▶ **EXERCISE INPUTS**:

■ ■ ■

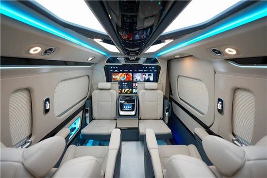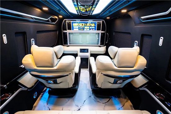 丰田海狮整车(华通丰业)升级了加强型的隔音隔热处理,车内带空气净化系统,无线充电系统。在进门侧加装了氧化铝脚踏带迎宾灯的,(华通丰业)整车都是采用纳帕级皮质进行包覆的,侧壁桃木装饰,手动百褶窗帘,后舱暖风系统,最后说说棚顶灯光,这个有智能触摸控制系统。灯光超级棒。丰田海狮车内座椅面料考究,前后座椅间适度,座椅靠背角度可灵活调节阔约的头部和腿部空间让乘坐自在舒适。同时,为了满足高端商务接待能力,丰田海狮推出了不同配置选装包,车内内饰的升级为乘客带来奢华舒适的出行享受。
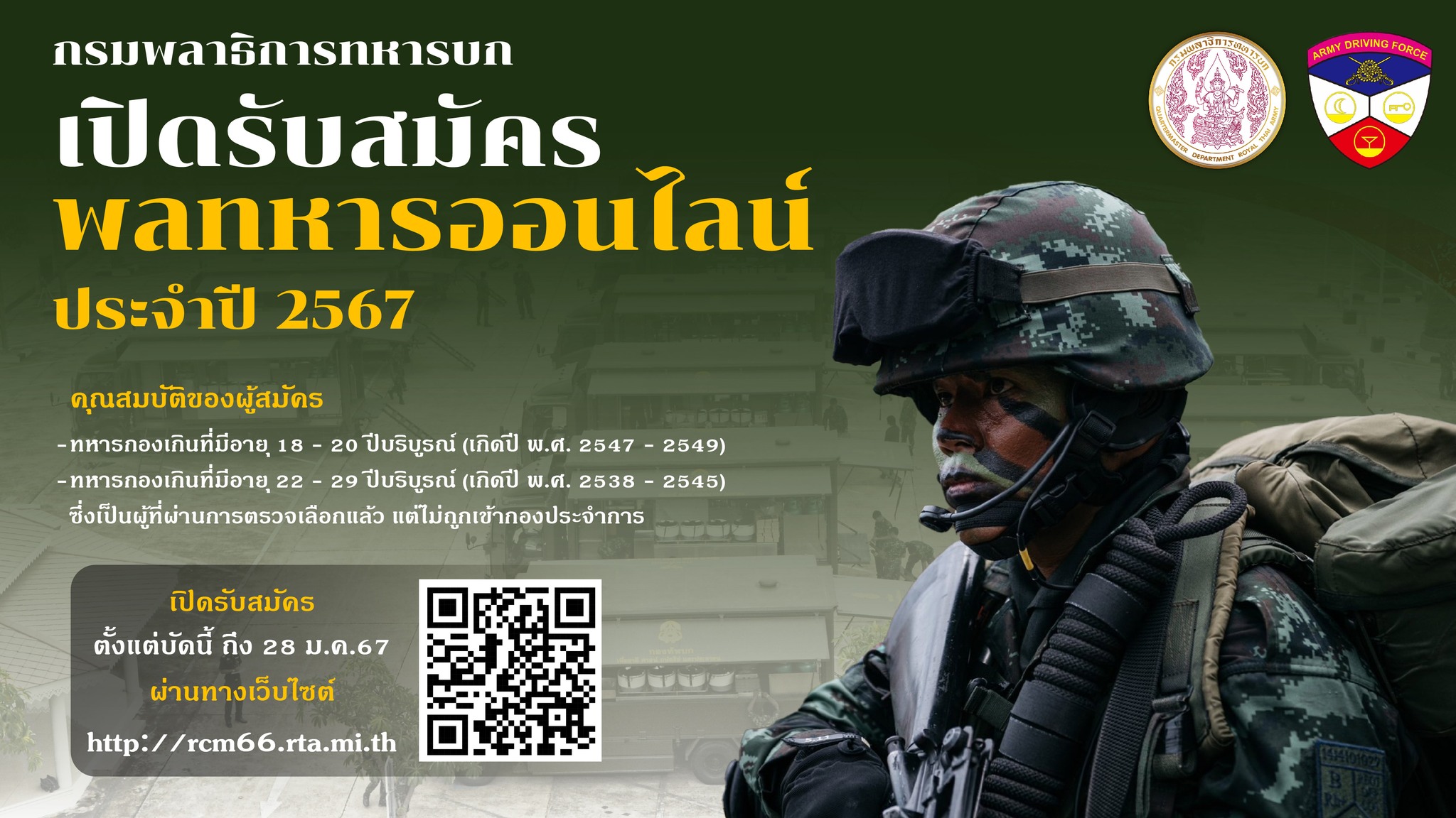 กองทับบก เปิดรับสมัครพลทหารออนไลน์ ประจำปี 2567 สมัครได้ตั้งแต่บัดนี้จนถึง 28 มกราคม 2567
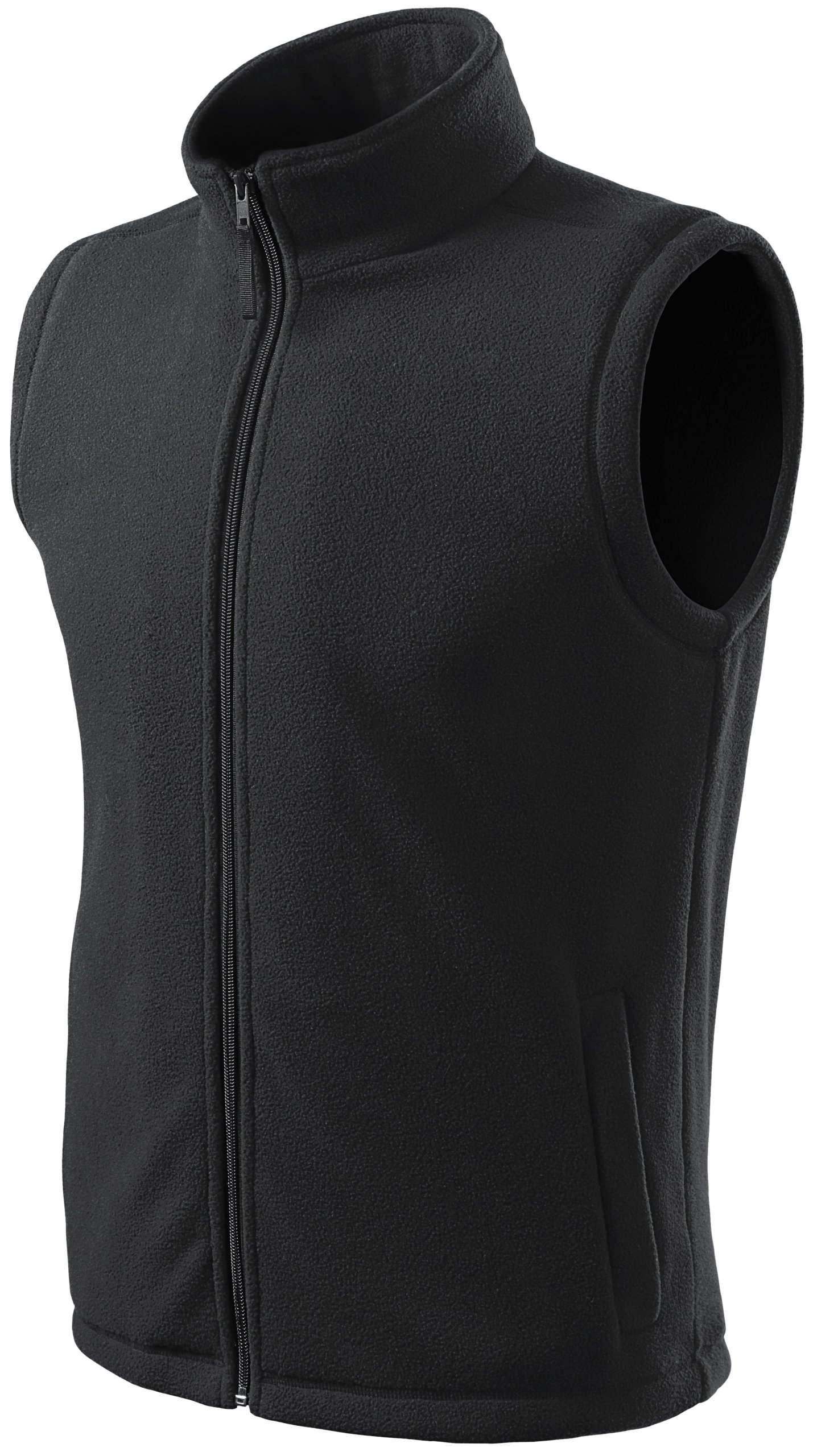 - Флисовый жилет унисекс классического кроя с двумя косыми карманами на молнии.
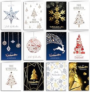 Weihnachtskarten mit Umschlägen - 24 Stück | 12 verschiedene Motive (veredelt) | Für jeden die passende Karte zu Weihnachten | Edel Weihnachtskarten-Set modern Klappkarten mit Umschlag Set Kraftpapier
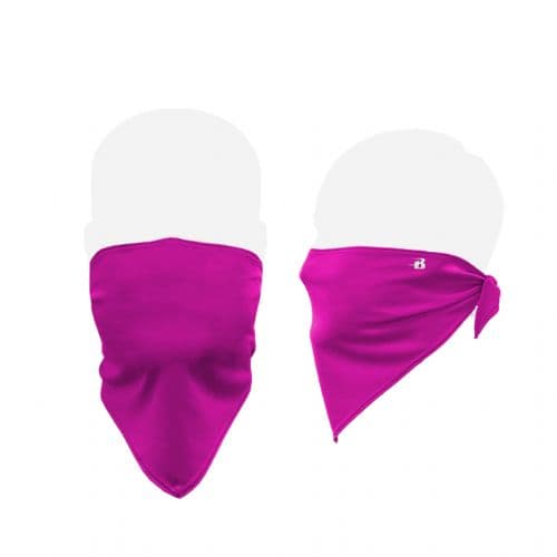 Badger B-Core Face Guard 100% Polyester moisture management fabric. Custom cut-and-sewn design to ensure maximum coverage of the nose and mouth and to serve as a barrier with exterior environment. Performance stretch material to provide maximum comfort. Simple to use bandana style tie feature that fits all sizes. Non-medical grade - does not replace N95 mask. Width @ Top: 29" - Length @ Center Front: 10". Returns not accepted. We will not re-sell face-guards. Minimum of 12 pieces to decorate.
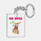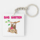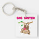 A cute monkey with a pink flower swings by her tail from a branch and pink text reads "Big Sister" on big sister T-shirts, key chains, cards, stickers, tote bags, magnets, mousepads, pillows, and other big sister apparel and gifts!
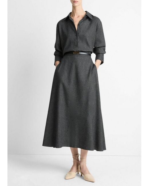 Traditional fabrics and patterns underpin our Fall Collection. This timeless A-line skirt is crafted from an Italian jaspe fabric, created through a long-standing process that weaves together different-colored yarns to produce rich dimension. Its blend features linen and wool for a soft, breathable feel as the weather shifts. One last thing: there are pockets discreetly tucked into the sides - a detail we add to our dresses and skirts any chance we get. Colour: black

■ ■ ■

▶ **WORK INSTRUCTIONS**: Pictures omitted, give the entries again exactly.

▶ **TASK ANSWER**:
 丰田海狮整车(华通丰业)升级了加强型的隔音隔热处理,车内带空气净化系统,无线充电系统。在进门侧加装了氧化铝脚踏带迎宾灯的,(华通丰业)整车都是采用纳帕级皮质进行包覆的,侧壁桃木装饰,手动百褶窗帘,后舱暖风系统,最后说说棚顶灯光,这个有智能触摸控制系统。灯光超级棒。丰田海狮车内座椅面料考究,前后座椅间适度,座椅靠背角度可灵活调节阔约的头部和腿部空间让乘坐自在舒适。同时,为了满足高端商务接待能力,丰田海狮推出了不同配置选装包,车内内饰的升级为乘客带来奢华舒适的出行享受。
 กองทับบก เปิดรับสมัครพลทหารออนไลน์ ประจำปี 2567 สมัครได้ตั้งแต่บัดนี้จนถึง 28 มกราคม 2567
 - Флисовый жилет унисекс классического кроя с двумя косыми карманами на молнии.
 Weihnachtskarten mit Umschlägen - 24 Stück | 12 verschiedene Motive (veredelt) | Für jeden die passende Karte zu Weihnachten | Edel Weihnachtskarten-Set modern Klappkarten mit Umschlag Set Kraftpapier
 Badger B-Core Face Guard 100% Polyester moisture management fabric. Custom cut-and-sewn design to ensure maximum coverage of the nose and mouth and to serve as a barrier with exterior environment. Performance stretch material to provide maximum comfort. Simple to use bandana style tie feature that fits all sizes. Non-medical grade - does not replace N95 mask. Width @ Top: 29" - Length @ Center Front: 10". Returns not accepted. We will not re-sell face-guards. Minimum of 12 pieces to decorate.
 A cute monkey with a pink flower swings by her tail from a branch and pink text reads "Big Sister" on big sister T-shirts, key chains, cards, stickers, tote bags, magnets, mousepads, pillows, and other big sister apparel and gifts!
 Traditional fabrics and patterns underpin our Fall Collection. This timeless A-line skirt is crafted from an Italian jaspe fabric, created through a long-standing process that weaves together different-colored yarns to produce rich dimension. Its blend features linen and wool for a soft, breathable feel as the weather shifts. One last thing: there are pockets discreetly tucked into the sides - a detail we add to our dresses and skirts any chance we get. Colour: black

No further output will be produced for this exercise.